Records excerpted from a collection

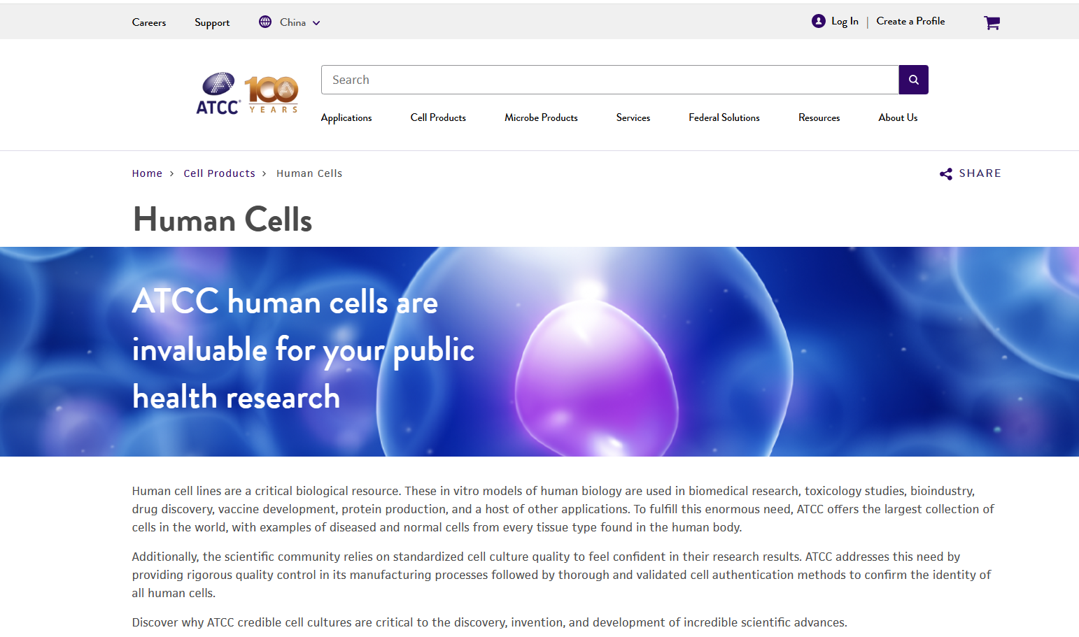 ATCC (American Type Culture Collection) 非營(yíng)利性的全球生物資源中心和標(biāo)準(zhǔn)組織,也是認(rèn)證細(xì)胞系和微生物的領(lǐng)先開(kāi)發(fā)商和供應(yīng)商,擁有世界上最大、最廣泛的人類(lèi)和動(dòng)物研究細(xì)胞系產(chǎn)品目錄,主要提供各種細(xì)胞系、微生物株、原代細(xì)胞、基因組和其他生物材料。它包含了數(shù)千種細(xì)胞系,包括人類(lèi)、動(dòng)物和昆蟲(chóng)的細(xì)胞系。常見(jiàn)的類(lèi)型包括癌癥細(xì)胞系、免疫細(xì)胞、干細(xì)胞、以及轉(zhuǎn)基因細(xì)胞系。且細(xì)胞系數(shù)據(jù)中包含了詳細(xì)的細(xì)胞表征信息,如形態(tài)學(xué)、分子標(biāo)記、基因表達(dá)譜、增殖能力、傳代歷史等。它所提供的細(xì)胞形態(tài)圖是國(guó)際公認(rèn)的細(xì)胞標(biāo)準(zhǔn),大多數(shù)研究學(xué)者在購(gòu)買(mǎi)細(xì)胞后都會(huì)與ATCC數(shù)據(jù)庫(kù)中的細(xì)胞圖片作對(duì)照。
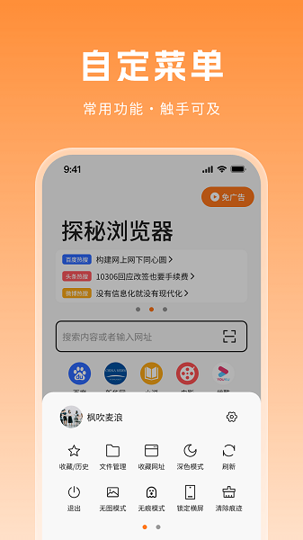 探秘浏览器官方版是功能强大的浏览器工具,收录了丰富的资源内容,支持广告拦截,没有广告打扰,界面布局简单,轻松搜索,内置百度、新华网、小说、电影、优酷登应用,随你访问浏览,一手掌握,运行流畅稳定,满足用户需求!
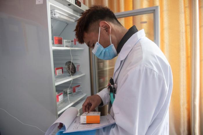 米瑪次仁在林芝市巴宜區(qū)更章鄉(xiāng)衛(wèi)生院清點疫苗庫存情況(2021年12月24日攝)。新華社記者 孫瑞博 攝
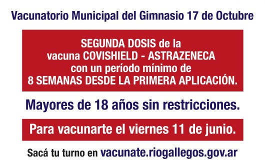 Rio Gallegos | Maana viernes ser el turno de aplicacin de segundas dosis para personas mayores de 18 aos con enfermedades crnicas y para mayores de 49 aos sin restricciones, que hayan recibido la primera dosis hace ms de 8 semanas y que se trate de las vacunas Covishield /Astrazeneca nicamente.
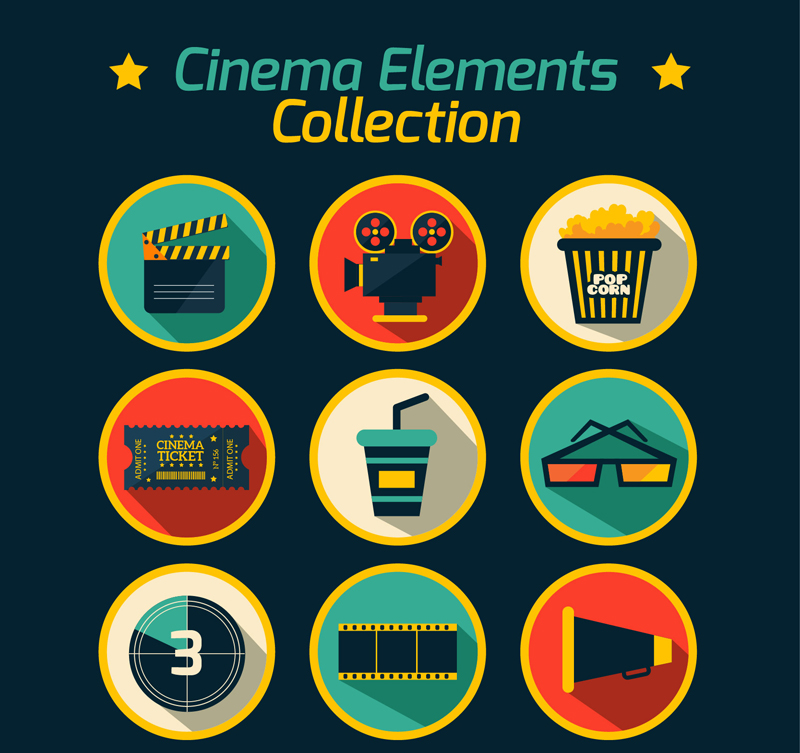 AI格式,含JPG预览图,关键字:场记板,放映机,爆米花,电影票,可乐,眼镜,胶卷,喇叭,电影,图标,圆形,矢量图...

- _Assignment_
Only the lines from the one containing "探秘浏览器官方版是功能强大的" through the last line of the entries should be transcribed, exactly and with no pictures.

- _Answer for the task_
 探秘浏览器官方版是功能强大的浏览器工具,收录了丰富的资源内容,支持广告拦截,没有广告打扰,界面布局简单,轻松搜索,内置百度、新华网、小说、电影、优酷登应用,随你访问浏览,一手掌握,运行流畅稳定,满足用户需求!
 米瑪次仁在林芝市巴宜區(qū)更章鄉(xiāng)衛(wèi)生院清點疫苗庫存情況(2021年12月24日攝)。新華社記者 孫瑞博 攝
 Rio Gallegos | Maana viernes ser el turno de aplicacin de segundas dosis para personas mayores de 18 aos con enfermedades crnicas y para mayores de 49 aos sin restricciones, que hayan recibido la primera dosis hace ms de 8 semanas y que se trate de las vacunas Covishield /Astrazeneca nicamente.
 AI格式,含JPG预览图,关键字:场记板,放映机,爆米花,电影票,可乐,眼镜,胶卷,喇叭,电影,图标,圆形,矢量图...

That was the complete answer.